Look below for the line containing "White Bird Printed", then write out that line and every line after it to the end, exactly, minus the pictures.

** PROVIDED MATERIAL follows **

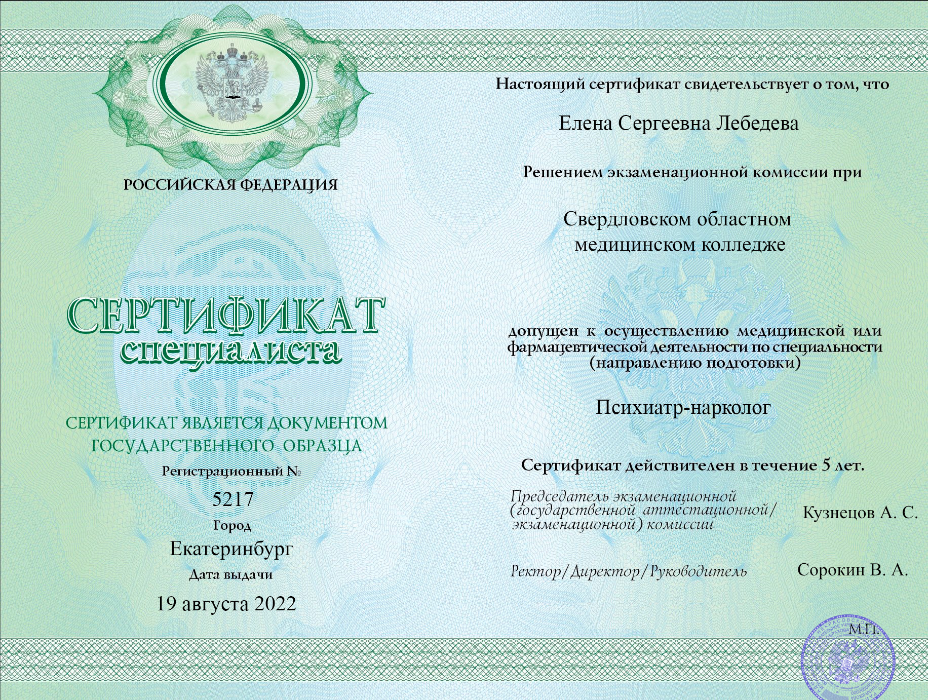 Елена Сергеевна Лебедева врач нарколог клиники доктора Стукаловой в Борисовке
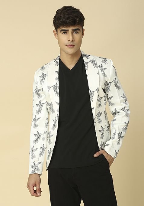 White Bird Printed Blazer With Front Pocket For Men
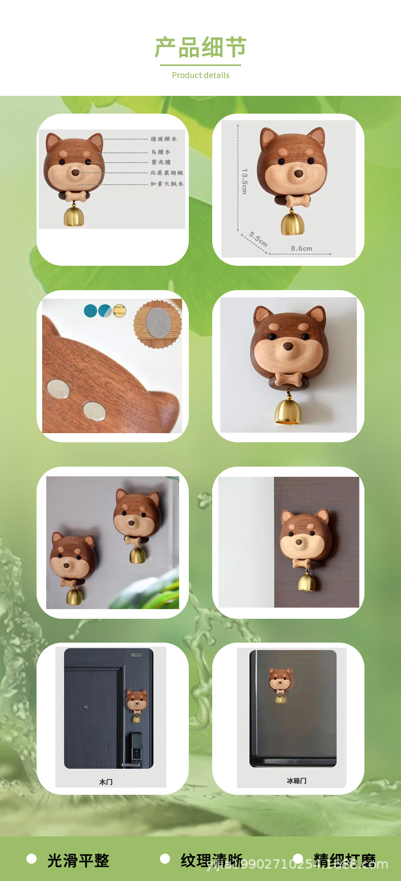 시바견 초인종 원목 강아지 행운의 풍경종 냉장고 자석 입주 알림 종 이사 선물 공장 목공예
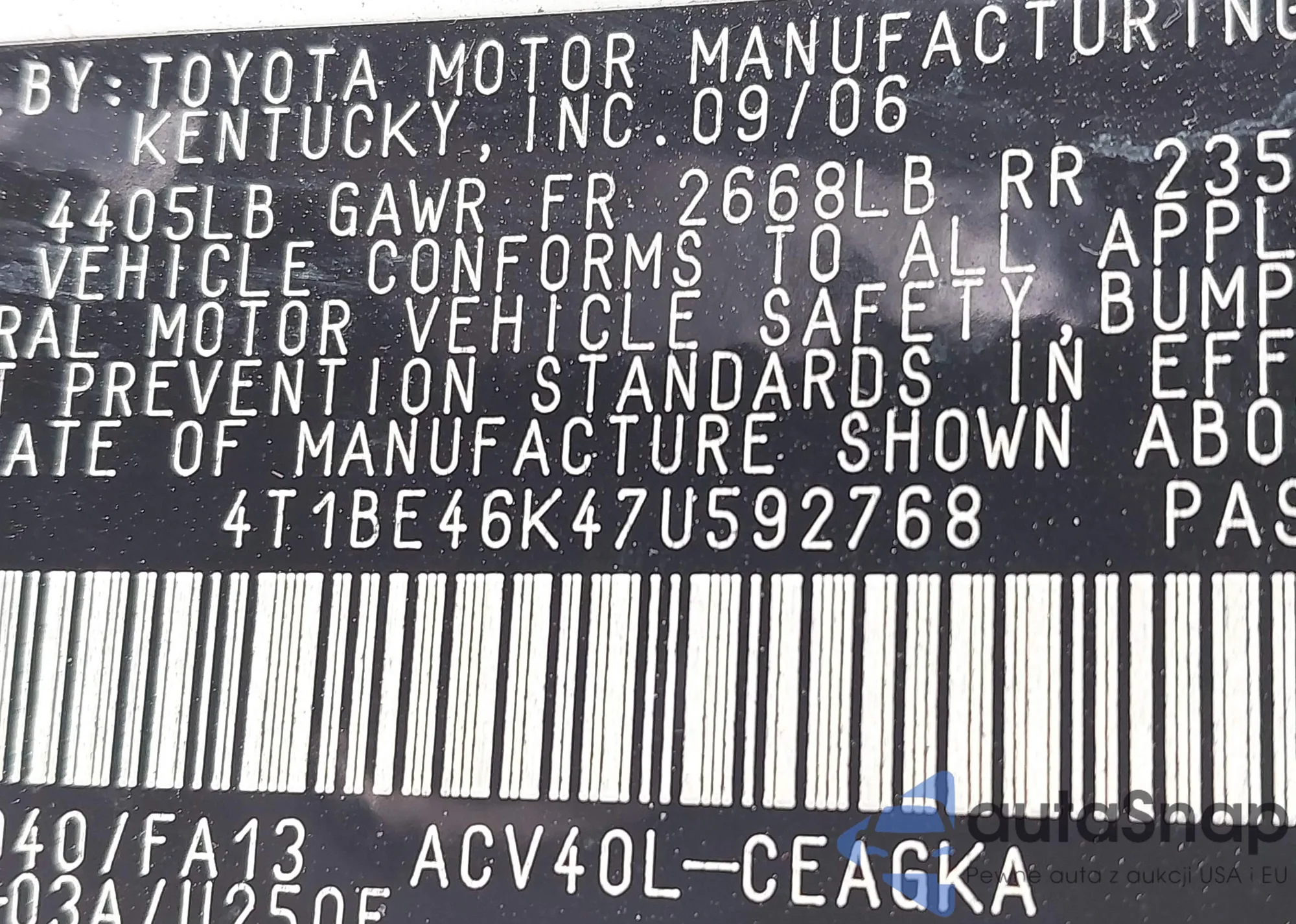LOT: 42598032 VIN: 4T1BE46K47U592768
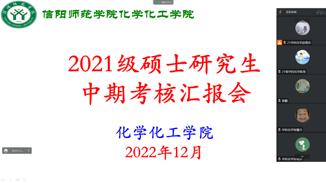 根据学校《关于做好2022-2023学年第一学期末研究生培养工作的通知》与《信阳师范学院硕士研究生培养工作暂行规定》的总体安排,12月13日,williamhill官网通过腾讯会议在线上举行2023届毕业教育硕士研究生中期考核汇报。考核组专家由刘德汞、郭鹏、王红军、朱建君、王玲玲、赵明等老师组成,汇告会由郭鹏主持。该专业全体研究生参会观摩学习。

** End of PROVIDED MATERIAL **

RESPONSE TO THE TASK:
 White Bird Printed Blazer With Front Pocket For Men
 시바견 초인종 원목 강아지 행운의 풍경종 냉장고 자석 입주 알림 종 이사 선물 공장 목공예
LOT: 42598032 VIN: 4T1BE46K47U592768
 根据学校《关于做好2022-2023学年第一学期末研究生培养工作的通知》与《信阳师范学院硕士研究生培养工作暂行规定》的总体安排,12月13日,williamhill官网通过腾讯会议在线上举行2023届毕业教育硕士研究生中期考核汇报。考核组专家由刘德汞、郭鹏、王红军、朱建君、王玲玲、赵明等老师组成,汇告会由郭鹏主持。该专业全体研究生参会观摩学习。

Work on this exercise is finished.